Azure functions Key Vault

3
votes

As I understand, so long as I setup grants to KeyVault, my function should be able to read from it by using

@Microsoft.KeyVault(SecretUri=MYSECRETFULLURL), and I assume this would be transformed at run-time?

Any idea how I would debug this?

Currently, as thats getting to my function, is the above, with nothing transformed.
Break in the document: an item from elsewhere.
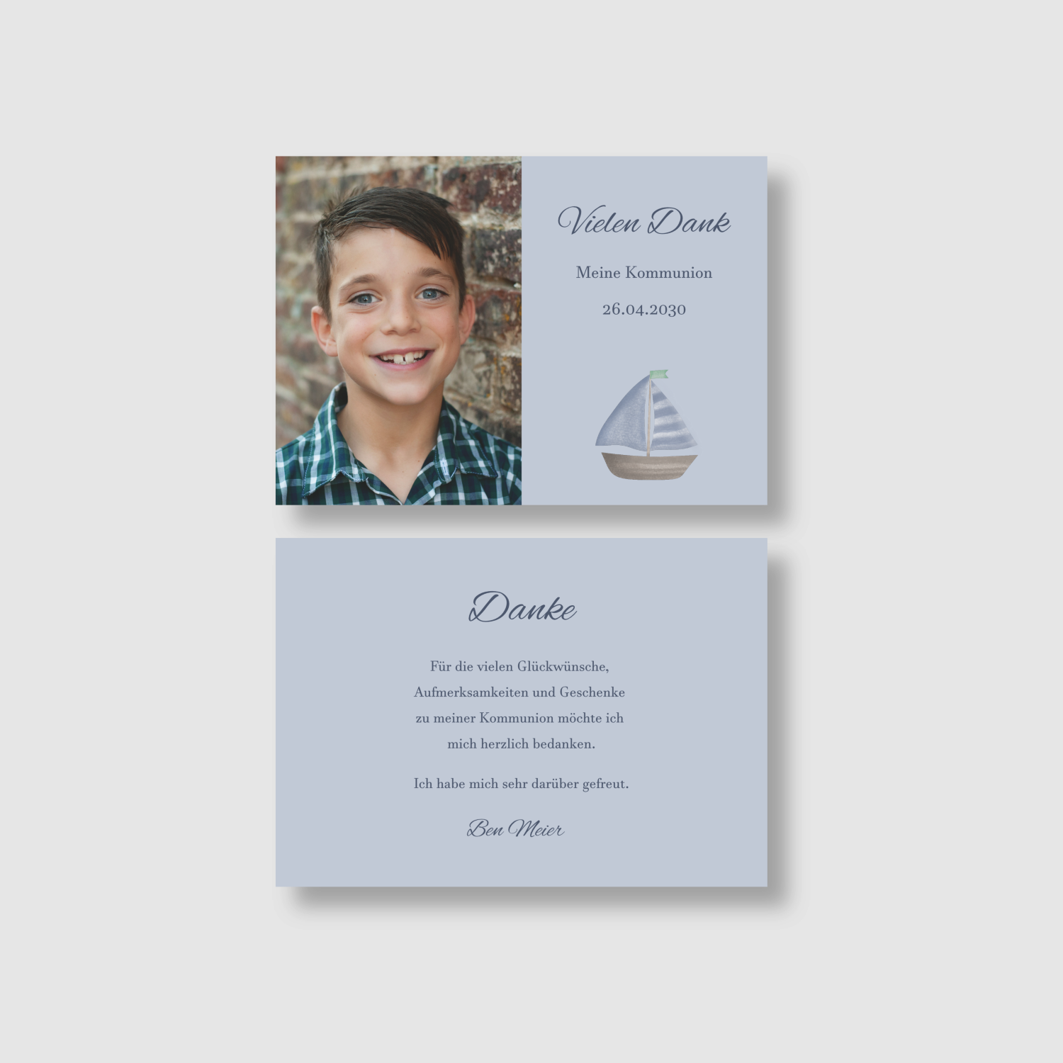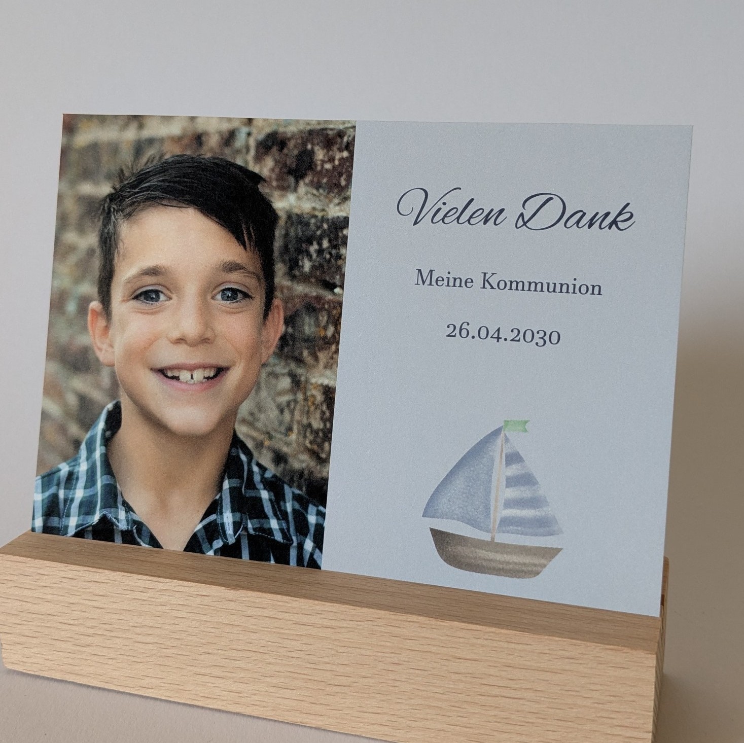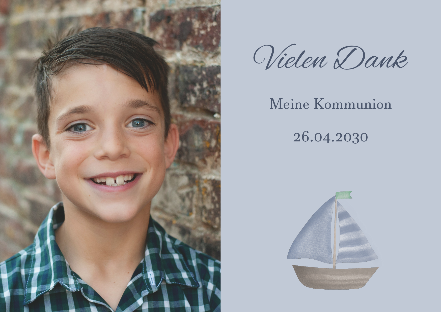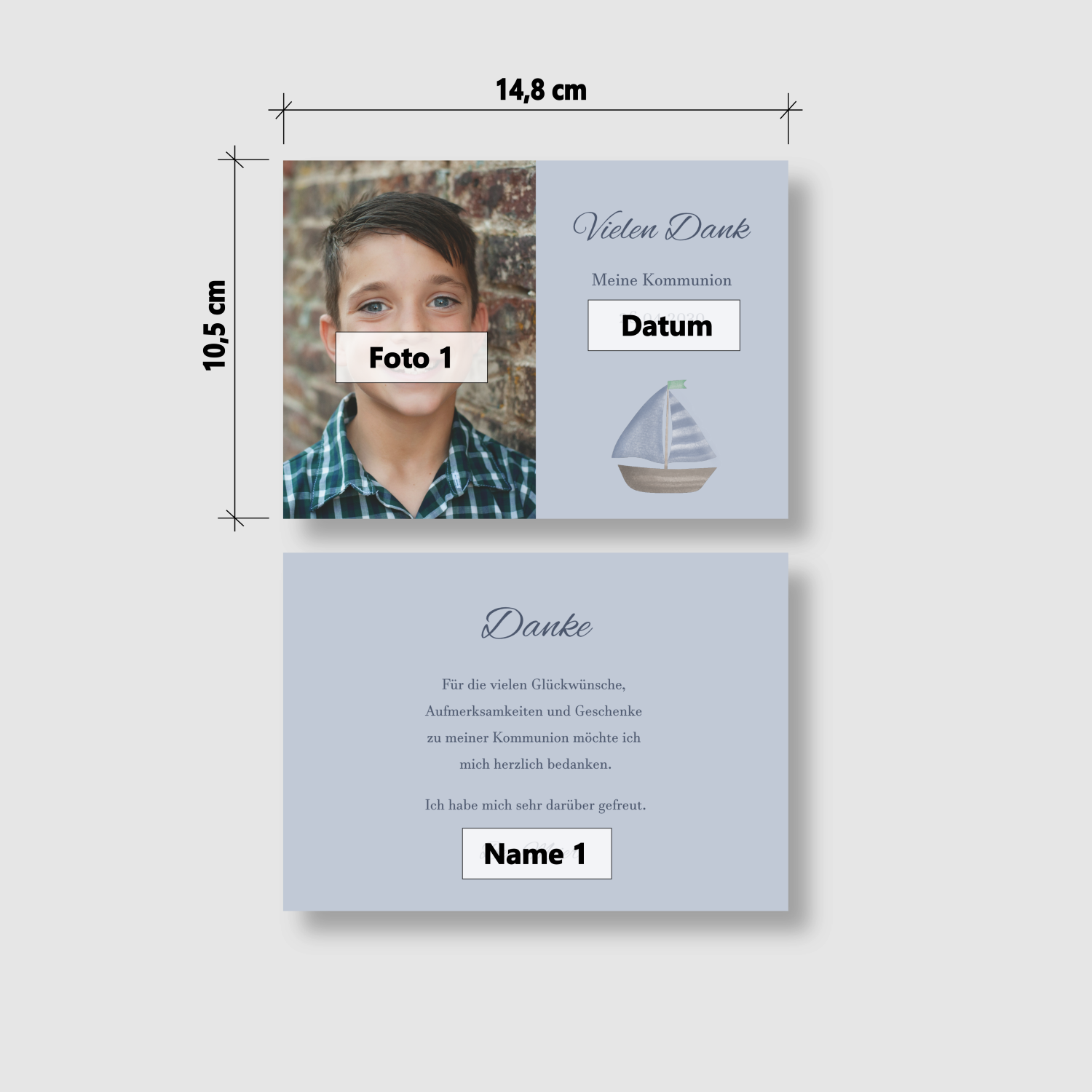 Bedanke dich auf besondere Weise bei Familie, Freunden und Bekannten mit dieser wunderschönen Dankeskarte zur Kommunion/Konfirmation. Ein liebevoller Gruß, der von Herzen kommt und lange in Erinnerung bleibt.

Running as system-managed.

If I debug, this is all I get:

enter image description here

However I can see my audit on azure key vault its being hit. enter image description here

 public static async Task<IActionResult> Run(
            [HttpTrigger(AuthorizationLevel.Function, "post", Route = null)] HttpRequest req,
            ILogger log)
        {
            var accountToMoveFrom = System.Environment.GetEnvironmentVariable("accountToMonitor");
            log.LogCritical(accountToMoveFrom);
            var accessToken = System.Environment.GetEnvironmentVariable("accessToken");

}
1
azureazure-functionsazure-keyvault

1 Answers

2
votes

Adding the final resolution:

Make sure you do not have the "authorized application" or applicationId settings configured.

From the documentation

Create an access policy in Key Vault for the application identity you created earlier. Enable the "Get" secret permission on this policy. Do not configure the "authorized application" or applicationId settings, as this is not compatible with a managed identity.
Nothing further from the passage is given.